When the story first came out in 1892 the critics considered "The Yellow Wallpaper" as a portrayal of female insanity rather than a story that reveals an aspect of society. This statement implies that any woman that would write something to show opposition to the dominant social values must have been insane. In Gilman's time setting the ideal woman was not only assigned a social role that locked her into her home, but she was also expected to like it, to be cheerful and gay, smiling and good humored. Those women who rejected this role and pursued intellectual enlightenment and freedom would be scoffed, alienated, and even punished. The “Yellow Wallpaper” became Gilman’s reaction to the strain against the grain of society for women to pursue intellectual freedom or a career in the late 1800's.

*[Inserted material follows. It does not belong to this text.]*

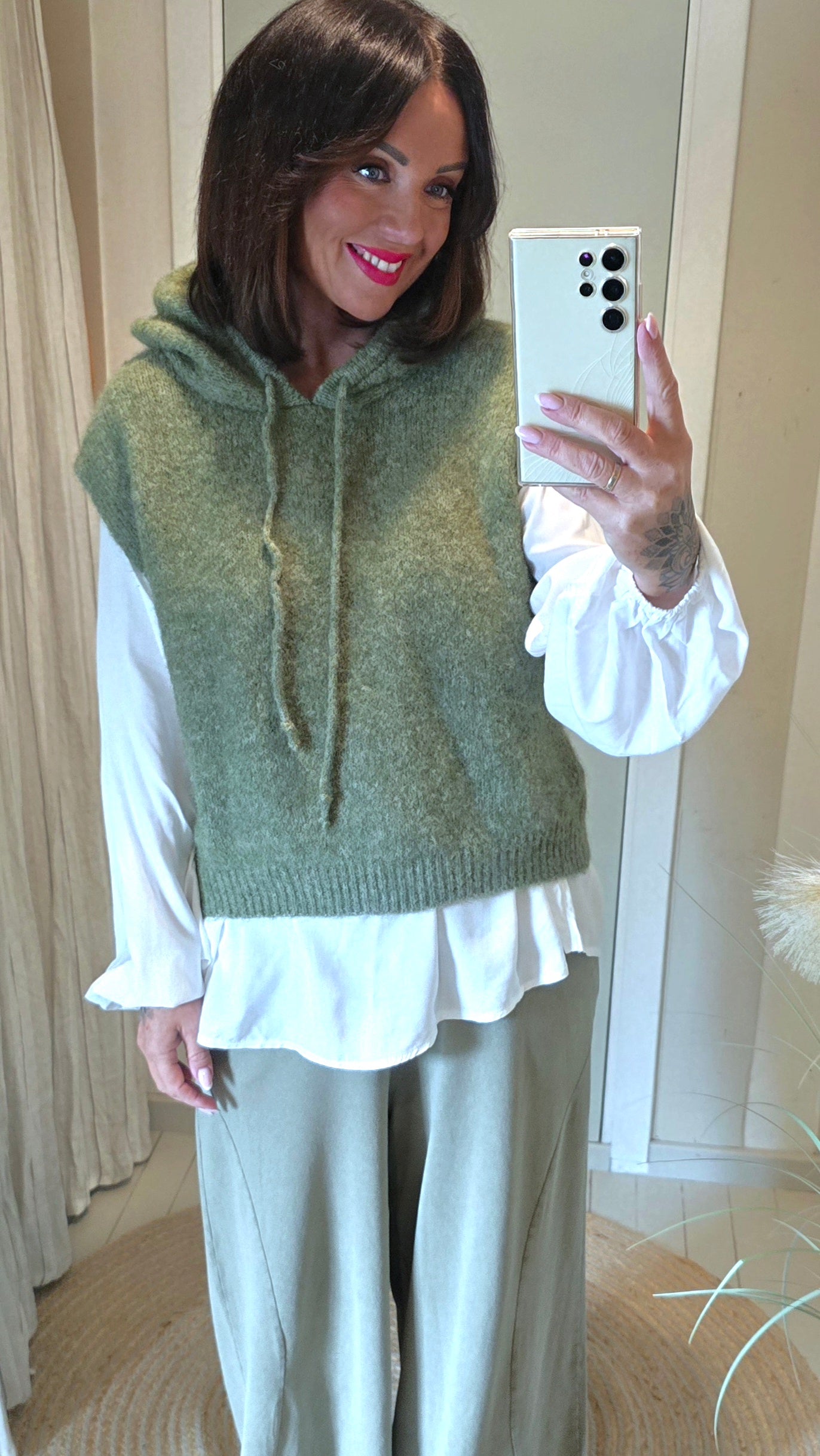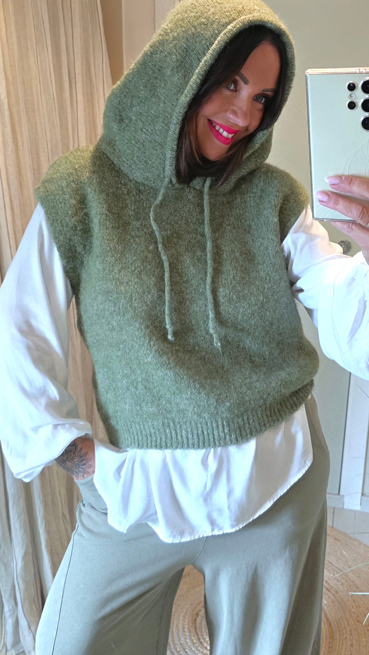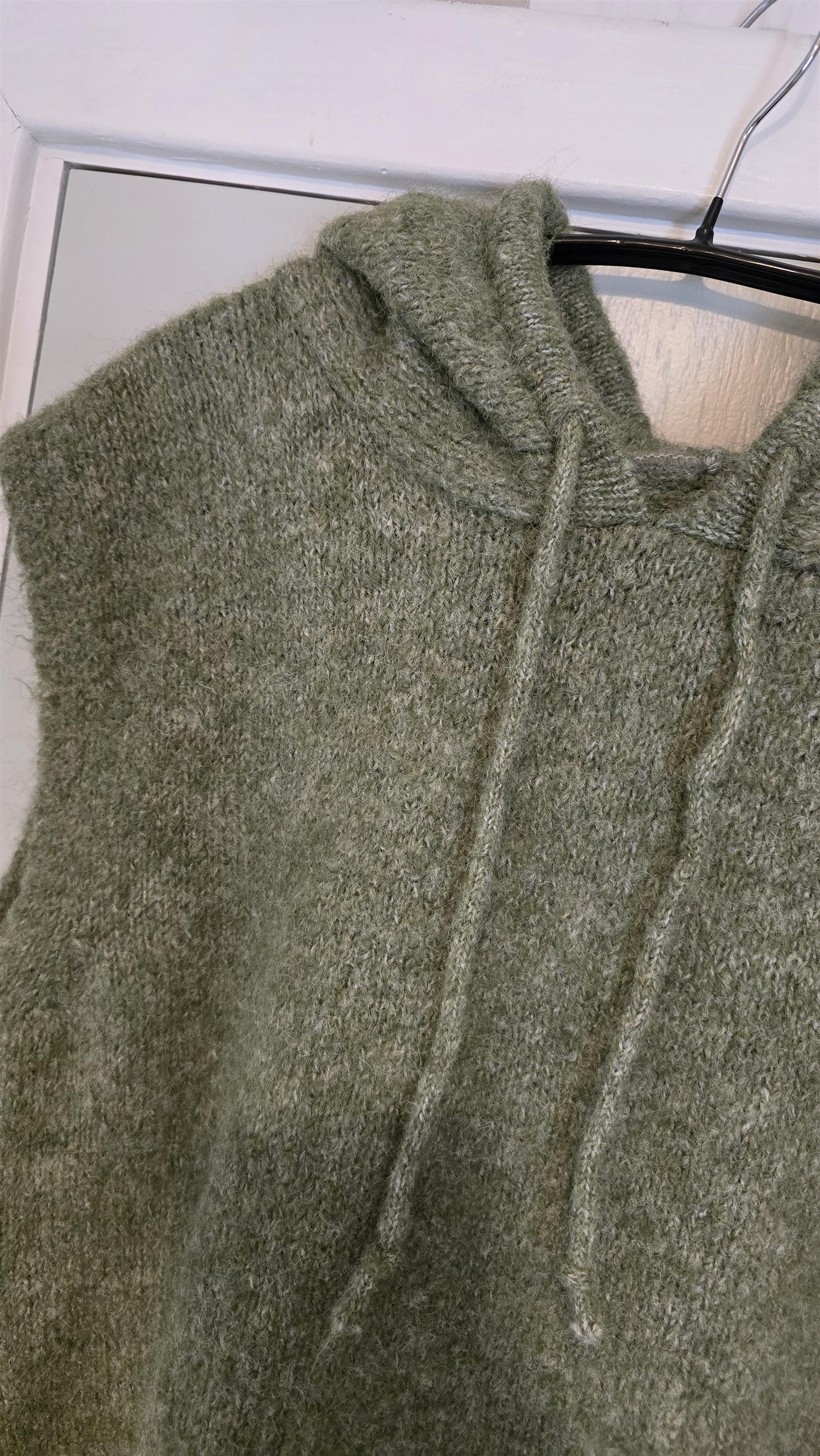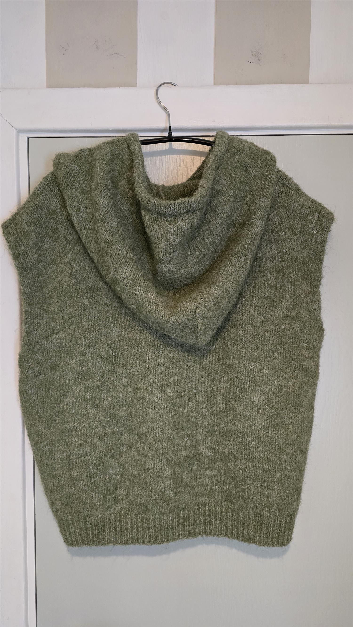 En fresh og stilfull strikket vest med en stor og fin hette. Hetten har snøring i samme strikk som resten av plagget, og designet er åpent fra skulder til under skulder slik at hele armen er fri. Vesten avsluttes med en bred ribbkant nederst og har en myk og behagelig kvalitet med 8 % ull. Et trendy plagg som gir et feminint og moderne uttrykk.

Her taking Dr. S. Weir Mitchell's "rest cure" was the result of the pressures of these prevalent social values. Charlotte Gilman was born on July 3, 1860, in Hartford, Connecticut (Bourgoin) in a family boasting a list of revolutionary thinkers and writers. As Gilman came from a family of such well known feminists and revolutionaries, it is without a doubt that she grew up with the idea that she had the right to be treated as anyone, whether man or woman. Not only did...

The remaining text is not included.